Crítica de Lo dejo cuando quiera

“Lo dejo cuando quiera” llega de la mano de Carlos Therón. Aunque en 2018 se llevó a la pequeña pantalla una serie del director de cine español, en los cines no teníamos noticias de Therón desde un año antes cuando disfrutamos de “Es por tu bien”, una película que probaba muestras de su humor personal muy al gusto del espectador. En esta ocasión, Carlos Therón vuelve con un simpático enfoque y un único campo de operaciones: la comedia. Con guion del guionista, actor y director catalán Cristóbal Garrido y del también guionista Adolfo Valor, hablamos de la película “Lo dejo cuando quiera”

Comienza su recorrido contándonos las particularidades de Pedro (David Verdaguer), Arturo (Ernesto Sevilla) y Eligio (Carlos Santos), amigos desde sus tiempos de estudiantes. Pedro, Arturo y Eligio decidieron ser profesores de universidad.
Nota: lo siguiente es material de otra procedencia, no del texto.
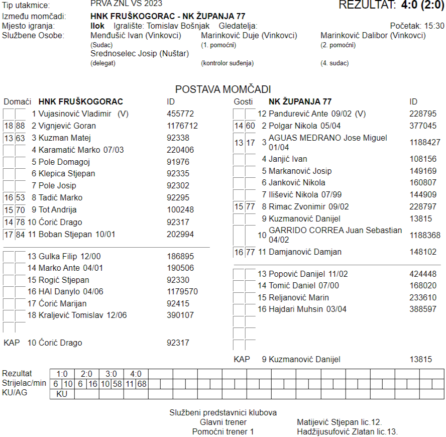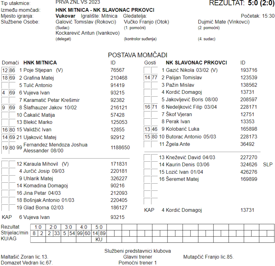 | 12.03.2023 15:30 | Vukovar | HNK Mitnica – NK Slavonac Prkovci | 5:0 | ||
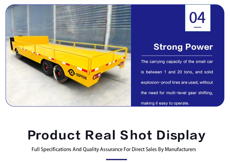 The manually driven Electric Flat Truck is a new type of material handling equipment that combines the advantages of both trackless transfer vehicles and forklifts, offering strong load-bearing capacity and operational flexibility. It eliminates the need for traditional fixed-track designs and instead relies on a high-performance drive system. This allows for greater ground adaptability and stronger power output, making it especially suitable for challenging conditions, such as climbing slopes while carrying heavy loads—an advantage not typically found in ordinary trackless platform vehicles.
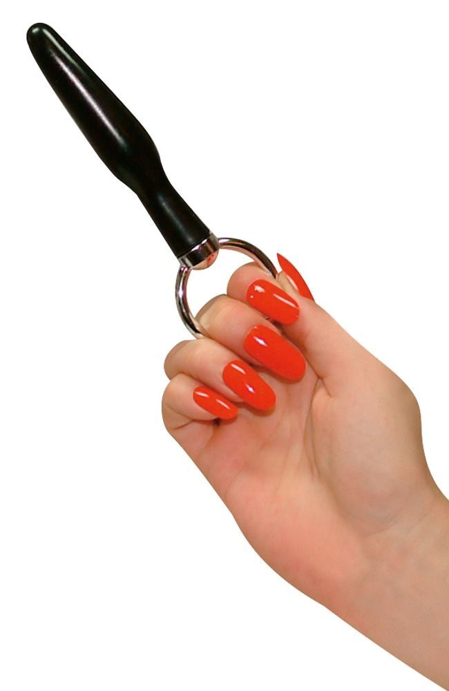 Анальный массажер с серебристой ручкой-кольцом - 10,5 см.
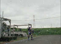 Solar Streak rides into the red dimension, coming to a stop. |
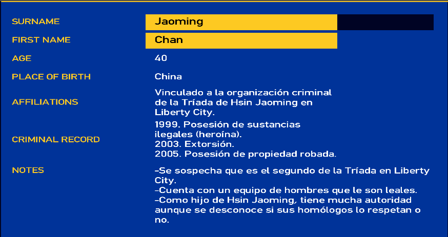 Su perfil en la base de datos del LCPD.
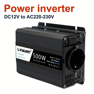 500W Auto Power Inverter DC 12V zu AC 230V AC Converter mit Euro AC Steckdose und Dual USB Auto Ladegerät für Auto Home Laptops, ohne Batterie
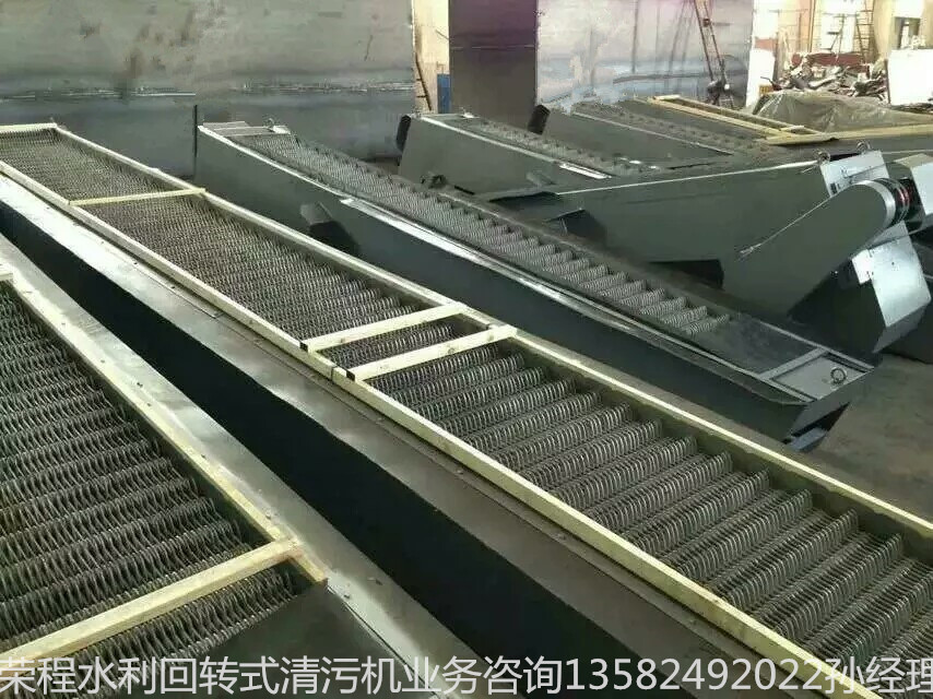 回轉式格柵除污機是由一種獨特的耙齒廠裝配成一組回轉格柵鏈。在電機減速器的驅動下,耙齒鏈進行逆水流方向回轉運動。耙齒鏈運轉到設備的上部時,由于槽輪和彎軌的導向,使每組耙齒之間產生相對自清運動,絕大部分固體物質靠重力落下。另一部分則依靠清掃器的反向運動把粘在耙齒上的雜物清掃干凈。按水流方向耙齒鏈類同于格柵,在耙齒鏈軸上裝配的耙齒間隙可以根據使用條件進行選擇。當耙齒把流體中的固態懸浮物分離后可以保證水流暢通流過。整個工作過程是連續的,也可以是間歇的。
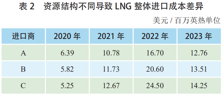 假設(shè)亞太區域不同進口國家(jiā)和地區的3家進口商A、B、C,其LNG長期合同量與現貨資源量的比重分別為9:1、7:3、5:5,3家進口商的長期合(hé)同DES價格均為15%的Brent價格,現貨資源(yuán)DES價格(gé)均為JKM價格,且長期合同、現貨資源均(jun1)為全年均(jun1)勻到貨。經測算,3家(jiā)進口商的整體進口成本(běn)存在較大差異(見表2)。受疫情影響,2020年LNG現(xiàn)貨資源價格低於長期合同價格,現貨在資源結構中占比越高,相(xiàng)應(yīng)進口商的整(zhěng)體進口成本越低;而後伴隨2021年供應形勢緊(jǐn)張及2022年俄烏衝突(tū)的影響,LNG現(xiàn)貨資源價(jià)格遠(yuǎn)高於長期合同價格,現貨在資源結構中占比越高,相(xiàng)應(yīng)進口商的整體進口成本越高(2023年(nián)與此(cǐ)類似(sì))。

Por una cosa o por otra, los tres se quedan sin trabajo y de chapucillas no se puede vivir, al menos, como ellos piensan que deben vivir. Eligio ahora es gasolinero. Arturo da clases particulares por las casas y Pedro lleva años trabajando en una investigación médica. Hay algo en lo que tiene puesta su ilusión y que podría darle mucho prestigio si las circunstancias fuesen distintas; experimenta sobre un complejo vitamínico que es sorprendente. Con la ayuda de Anabel (Miren Ibarguren), una compañera de Eligio de la gasolinera y abogada agresiva donde las haya, y de Jota (Mero González ), una alumna de Arturo, que es una chica muy lista y muy adelantada para su edad, arrancan hacia un mundo desconocido, llenos de ilusiones y proyectos, sobre torbellinos demenciales de mercancía.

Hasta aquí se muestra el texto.